I do not think it is possible at this stage to predict precisely, as the right hon. Gentleman may have in mind—I am not sure that it was his intention—what measures will be necessary, or the degree to which regulation by means of licensing will need to be developed.

This is partly because we do not know how the fish stock situation will develop—although we certainly intend to do better than in the past—and partly because truly effective conservation measures can be worked out only on an international basis. In our case, that means within the Community.

It is certainly not the intention at present to require all fishing by all boats to be carried out only under licence from 1st January, nor do we have plans for a system for licensing skippers.

The amendment might introduce an unwanted element of rigidity into the clause, and the right hon. Gentleman, I am sure, would not wish that. We are with the right hon. Gentleman entirely in wanting all the powers that a Ministry can use to ensure that there is no general licensing of fishing, whatever that may mean. We want to be able to use the powers we have, with no restrictions, so that we can act on this very important matter, including conservation.

The right hon. Gentleman has made a useful comment, and we take his point, but I think the Committee would be well advised to leave the clause as it is, giving the Minister power to act, although, of course, being very sensitive to the views that have been expressed.

Mr. Grimond

In view of the assurance that it is not the intention to introduce a general system of licensing, and that the Minister appreciates the possible reactions upon small communities, I beg to ask leave to withdraw the amendment.

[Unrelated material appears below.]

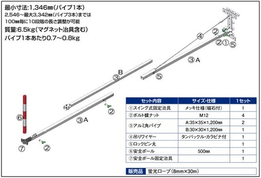 1)マグネット固定式・アルミ伸縮ポールで短時間に楽々設置

Amendment, by leave, withdrawn.

Question proposed, That the clause, as amended, stand part of the Bill.

Mr. Wall

We are discussing the licensing of both British and foreign fishing vessels. It has been estimated that within the 50-mile limit from our shores there are 2½ million tons of fish which could be caught in any one year. It has also been estimated that within the 12-mile limit there are 1.1 million tons.

The Committee will agree that the capacity of the United Kingdom industry could rise to between 1½ million and 2 million tons a year. That is one reason why the 50-mile limit is popular on both sides of the Committee. It ensures that we can catch up to our full capacity.

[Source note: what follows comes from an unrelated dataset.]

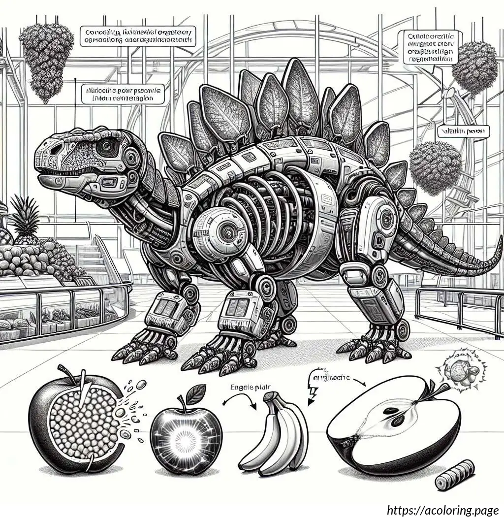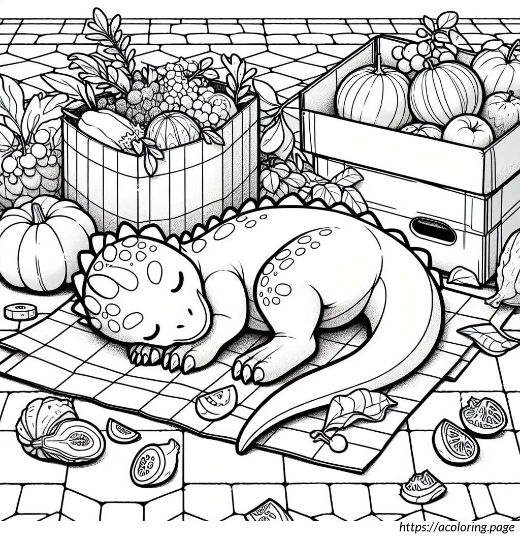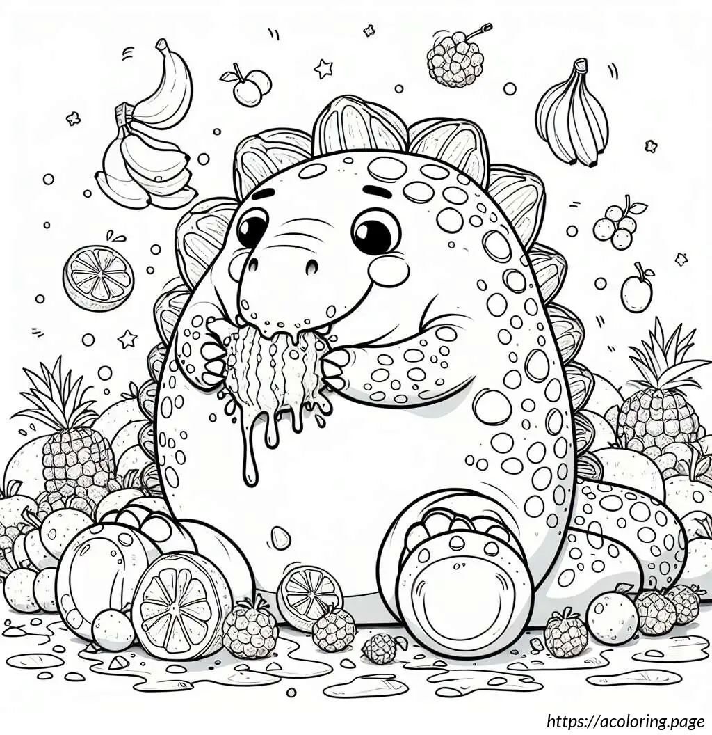 The background and surroundings are simple, with the focus mainly on the dinosaur and the array of fruits, adding a whimsical charm to the depiction. The entire drawing is done in black and white, using bold lines and clear, simple strokes, making it visually striking and easy to interpret.

The Committee should also realise that there is an excessive catching capacity within the EEC, and that it now catches about 60 per cent. of its total catch within what, under the Bill, will become the British pond—the British 200-mile exclusive limit. Therefore, it is clear from the figures I have given that the British industry needs protection, and it could be provided under the clause.

2.30 p.m.

I repeat a point of view expressed by hon. Members on both sides of the House on Second Reading, that catch quotas as defined by the EEC are wholly unsatisfactory. The only acceptable quotas are the effort quotas imposed by the Icelandic Government on us—that is, the number of ships to be allowed in a certain area and the period for which they may be there. Those quotas can easily be policed and maintained, and they are fair. I hope that only such quotas will be tolerable to the Committee.

Mr. Bishop

I do not disagree with the hon. Gentleman. We are all concerned to see that quotas or effort limitation—whatever method is used—shall be effective in addition to looking after the interests of the industry and conservation.

Question put and agreed to.

Clause 3, as amended, ordered to stand part of the Bill.